The novel received an Honorable Mention from the Asian/Pacific American Awards for Literature. The sequel, Dreams of Joy, was released May 31, 2011.

==Plot summary==
Shanghai Girls is divided into three parts: Fate, Fortune, and Destiny. Here See treats Chinese immigration from a personal view through Pearl's narration. In On Gold Mountain she objectively placed 100 years of her Chinese family history in the context of the daunting challenges Chinese immigrants faced in coming to America in search of Gold Mountain. America's mistreatment of Chinese immigrants is stressed in both memoir and novel.
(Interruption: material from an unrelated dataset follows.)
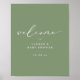 A simple gender neutral baby shower welcome poster. "welcome" is in white modern calligraphy style font, on a sage green background. Personalize with event details.
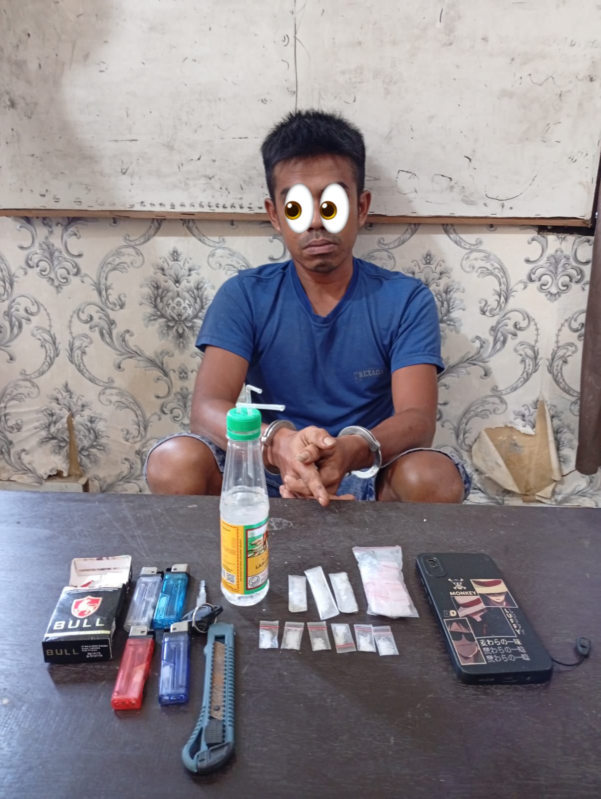 Selain itu, hasil tes urin terhadap tersangka menunjukkan hasil positif (+) mengandung methamphetamine.

The sisters' story is interrelated with critical historical events, famous people, and important places—the Second Sino-Japanese War, the Battle of Shanghai, internment at Angel Island, Los Angeles Chinatown, Hollywood, World War II, the Chinese Exclusion Act, McCarthyism, etc. Historically significant people appearing in the novel include Madame Chiang Kai-shek, actress Anna May Wong, film personality Tom Gubbins, and Christine Sterling, the "Mother of Olvera Street."
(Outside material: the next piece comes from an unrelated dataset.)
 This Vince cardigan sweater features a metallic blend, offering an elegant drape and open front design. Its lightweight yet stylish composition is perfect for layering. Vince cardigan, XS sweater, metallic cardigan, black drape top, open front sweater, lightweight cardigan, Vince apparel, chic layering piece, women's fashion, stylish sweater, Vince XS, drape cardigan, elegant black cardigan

Snow Flower and the Secret Fan explores the complex relationship between two intimate friends. In Shanghai Girls See treats the loving yet conflicted relationship between two best friends who also happen to be sisters, especially in the context of their relationship to Pearl's daughter Joy. In speaking of Shanghai Girls, See has commented: "Your sister is the one person who should stick by you and love you no matter what, but she’s also the one person who knows exactly where to drive the knife to hurt you the most." That being said, in Shanghai Girls it is the love of Pearl and May for each other that survives.

===Characters===
- Pearl Chin
The protagonist in the story. Her Zodiac sign is the Dragon. The elder of two sisters, she always thought that she was less loved by their parents because of her looks. She is in love with Z.G. Li, a painter/photographer who takes pictures of and paints Pearl and May. Although belonging to a wealthy family, she earns a small amount modelling with her sister, however, this is easily squandered off in her nightlife. She later marries Sam Louie to help pay off her father's debt to the Louies. She and Sam raise Joy, May's child as their own daughter. Later on she becomes pregnant with Sam's baby. She carries the baby to term, but the child is a stillborn boy.

- May Chin
Younger sister of Pearl. Her Zodiac sign is the Sheep. Flirtatious and haughty, she is jealous of her sister who went to college and who she thought was favored by their parents. She has a secret romantic relationship with Z.G. Li. Later it is discovered that she became pregnant by him, resulting in a daughter, Joy. May gives Joy to Pearl to raise as her own daughter because on the night of her wedding to Vern, Sam's brother, she could not bring herself to sleep with him. Father Louie (Vern and Sam's father) might suspect she is pregnant by someone else, so both she and Pearl pretend that Pearl was the one pregnant all along.